Fiona started her garden design business 15 years ago with a grant from the Princes Trust, and The Enterprise Council. The business has expanded and she mostly deals with clients who have gardens over an acre in size. A holder of three gold awards from Chelsea and three international awards, she has established herself as an enthusiastic designer with attention to detail.
One of the international competitions involved a visit to Japan where they were given a site fifteen metres square (fifty feet square) to create an English Garden in seventeen days. The team were hampered by not speaking Japanese and the Japanese helpers did not speak English. Much can be done however with gestures and hand signals, and a spectacular garden was created with water cascading over a wall into a pond and planted up with English flowers.
We were then treated to a slide show of some of the gardens that she had created over the years and their different seasons with trees playing an important part in the landscape. Plants are chosen for their leaves as well as their blooms as flowers will die but an added bonus with some flowers is the attractive seed heads.
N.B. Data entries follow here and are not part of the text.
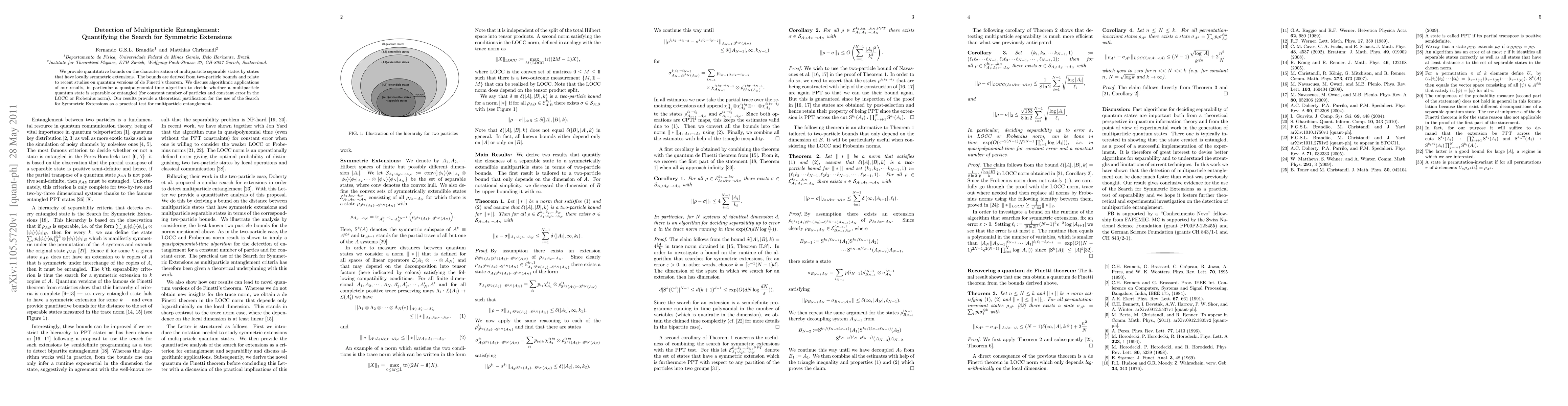 We provide quantitative bounds on the characterisation of multiparticle separable states by states that have locally symmetric extensions. The bounds are derived from two-particle bounds and relate to recent studies on quantum versions of de Finetti's theorem. We discuss algorithmic applications of our results, in particular a quasipolynomial-time algorithm to decide whether a multiparticle quantum state is separable or entangled (for constant number of particles and constant error in the LOCC or Frobenius norm). Our results provide a theoretical justification for the use of the Search for Symmetric Extensions as a practical test for multiparticle entanglement.
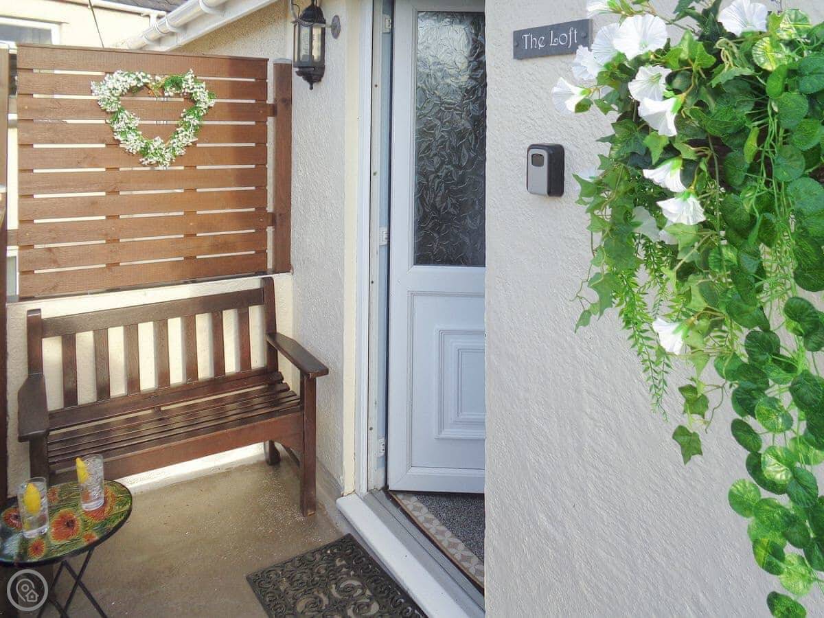 The Loft is in Penysarn, on Anglesey. It's an apartment for two people, up a flight of stairs. It's part of a small row of three places, around a shared courtyard.
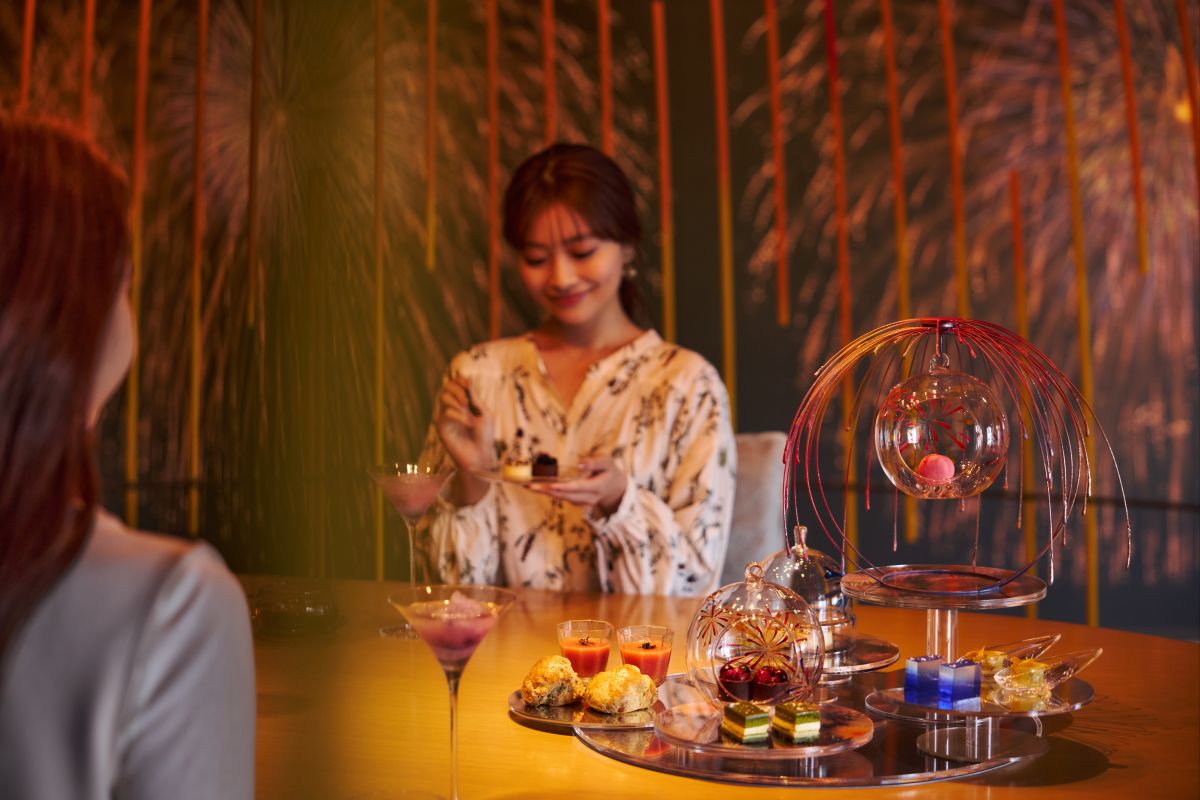「リゾナーレ熱海」の「和食ダイニング 花火」は、熱海海上花火大会をテーマにしたレストラン。まるで夜空の花火に包まれているかのような空間デザインが特徴で、華やかに彩られた空間で食事を楽しむことができます。そんなレストランで、2026年6月1日(月)〜9月30日(水)の期間、花火をテーマにしたアフタヌーンティーが味わえちゃいます!

She had commented that she liked a plant that dies well. this remark had been taken up by the satirical magazine 'Private Eye' and had won her sixth place in the Private Eye list of quotes; she had come ahead of Jeremy Clarkson of Top Gear fame! The basic secret to creating beautiful gardens is in the amount of compost that you dig in, we were told; but in the end gardens are only as good as the people who look after them, but her gardens had considerable staying power as the slides taken some years after their creation showed.
After a few notices members were reminded that the Club's next evening meeting will be on October 10th at 7.45 pm in the URC hall when the speaker will be Mr. C. Howkins who will talk on 'Local Trees, Fact and Fiction'. Everyone is welcome to what promises to be an entertaining evening.